[Extracted data entries]
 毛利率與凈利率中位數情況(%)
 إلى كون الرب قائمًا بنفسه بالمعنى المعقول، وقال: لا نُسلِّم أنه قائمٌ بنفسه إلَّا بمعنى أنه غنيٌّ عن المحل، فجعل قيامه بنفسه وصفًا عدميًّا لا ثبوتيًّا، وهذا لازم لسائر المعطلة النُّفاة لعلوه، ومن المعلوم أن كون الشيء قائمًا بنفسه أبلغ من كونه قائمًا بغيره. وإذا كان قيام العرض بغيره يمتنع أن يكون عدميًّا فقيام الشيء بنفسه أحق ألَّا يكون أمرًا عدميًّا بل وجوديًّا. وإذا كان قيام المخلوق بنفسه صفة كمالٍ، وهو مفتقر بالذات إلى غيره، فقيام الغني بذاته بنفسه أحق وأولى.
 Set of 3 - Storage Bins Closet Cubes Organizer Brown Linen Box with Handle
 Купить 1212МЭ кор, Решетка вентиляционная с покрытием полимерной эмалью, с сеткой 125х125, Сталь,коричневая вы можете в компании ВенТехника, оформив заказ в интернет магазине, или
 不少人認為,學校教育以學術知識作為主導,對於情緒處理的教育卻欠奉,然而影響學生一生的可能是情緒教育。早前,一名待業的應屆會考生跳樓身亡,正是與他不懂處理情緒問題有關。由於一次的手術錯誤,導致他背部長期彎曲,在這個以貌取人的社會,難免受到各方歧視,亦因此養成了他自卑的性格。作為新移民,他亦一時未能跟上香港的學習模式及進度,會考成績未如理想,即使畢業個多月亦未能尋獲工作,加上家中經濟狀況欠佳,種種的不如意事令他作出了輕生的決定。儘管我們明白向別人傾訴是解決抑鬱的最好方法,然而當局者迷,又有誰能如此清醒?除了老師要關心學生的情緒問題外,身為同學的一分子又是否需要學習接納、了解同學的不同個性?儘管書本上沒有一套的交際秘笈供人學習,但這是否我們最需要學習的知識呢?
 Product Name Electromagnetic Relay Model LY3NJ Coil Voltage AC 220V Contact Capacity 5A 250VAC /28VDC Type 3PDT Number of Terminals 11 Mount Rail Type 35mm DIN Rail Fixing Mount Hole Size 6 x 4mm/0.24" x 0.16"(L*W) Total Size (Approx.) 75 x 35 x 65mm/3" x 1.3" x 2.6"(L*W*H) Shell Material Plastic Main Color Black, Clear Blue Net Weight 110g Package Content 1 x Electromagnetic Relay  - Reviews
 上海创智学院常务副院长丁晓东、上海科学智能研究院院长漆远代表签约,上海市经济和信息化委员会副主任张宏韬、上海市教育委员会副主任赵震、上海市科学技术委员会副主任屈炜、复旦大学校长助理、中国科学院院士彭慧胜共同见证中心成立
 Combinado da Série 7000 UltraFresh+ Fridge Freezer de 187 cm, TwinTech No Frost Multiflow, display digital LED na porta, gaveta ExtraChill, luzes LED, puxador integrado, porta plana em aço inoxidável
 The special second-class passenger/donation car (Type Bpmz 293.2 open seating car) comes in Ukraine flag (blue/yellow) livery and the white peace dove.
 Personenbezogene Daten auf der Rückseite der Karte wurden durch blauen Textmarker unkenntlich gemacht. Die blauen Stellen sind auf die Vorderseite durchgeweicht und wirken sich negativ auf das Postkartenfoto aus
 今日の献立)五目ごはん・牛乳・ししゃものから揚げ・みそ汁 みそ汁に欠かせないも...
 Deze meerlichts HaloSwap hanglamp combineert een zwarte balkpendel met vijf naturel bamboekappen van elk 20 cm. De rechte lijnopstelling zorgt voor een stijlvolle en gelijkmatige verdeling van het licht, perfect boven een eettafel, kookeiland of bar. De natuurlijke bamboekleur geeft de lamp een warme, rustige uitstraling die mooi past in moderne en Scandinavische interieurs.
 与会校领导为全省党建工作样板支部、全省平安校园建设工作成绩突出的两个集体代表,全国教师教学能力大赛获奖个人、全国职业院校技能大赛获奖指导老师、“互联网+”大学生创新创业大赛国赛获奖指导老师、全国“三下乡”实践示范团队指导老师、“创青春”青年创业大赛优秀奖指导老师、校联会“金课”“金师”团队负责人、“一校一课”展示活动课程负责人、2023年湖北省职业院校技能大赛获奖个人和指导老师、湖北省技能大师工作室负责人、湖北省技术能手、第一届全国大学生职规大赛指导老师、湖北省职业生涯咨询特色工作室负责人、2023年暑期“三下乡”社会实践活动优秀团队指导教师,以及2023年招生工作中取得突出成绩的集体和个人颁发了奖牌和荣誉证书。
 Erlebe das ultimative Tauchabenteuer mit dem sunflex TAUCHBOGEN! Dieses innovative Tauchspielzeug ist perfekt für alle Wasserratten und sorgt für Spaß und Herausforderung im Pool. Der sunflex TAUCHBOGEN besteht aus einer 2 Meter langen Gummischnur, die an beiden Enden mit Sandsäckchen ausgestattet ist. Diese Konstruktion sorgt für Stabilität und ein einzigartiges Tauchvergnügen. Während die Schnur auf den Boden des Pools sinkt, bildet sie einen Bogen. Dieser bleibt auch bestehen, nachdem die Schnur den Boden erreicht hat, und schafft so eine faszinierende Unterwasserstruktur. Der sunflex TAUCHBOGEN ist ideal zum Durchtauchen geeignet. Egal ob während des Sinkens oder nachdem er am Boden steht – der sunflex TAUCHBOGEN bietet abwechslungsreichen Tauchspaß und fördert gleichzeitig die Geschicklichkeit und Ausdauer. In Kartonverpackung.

WORK INSTRUCTIONS> Filter the data, keeping only the lines that contain "Type".

SOLUTION FOR THIS EXERCISE>
 Product Name Electromagnetic Relay Model LY3NJ Coil Voltage AC 220V Contact Capacity 5A 250VAC /28VDC Type 3PDT Number of Terminals 11 Mount Rail Type 35mm DIN Rail Fixing Mount Hole Size 6 x 4mm/0.24" x 0.16"(L*W) Total Size (Approx.) 75 x 35 x 65mm/3" x 1.3" x 2.6"(L*W*H) Shell Material Plastic Main Color Black, Clear Blue Net Weight 110g Package Content 1 x Electromagnetic Relay  - Reviews
 The special second-class passenger/donation car (Type Bpmz 293.2 open seating car) comes in Ukraine flag (blue/yellow) livery and the white peace dove.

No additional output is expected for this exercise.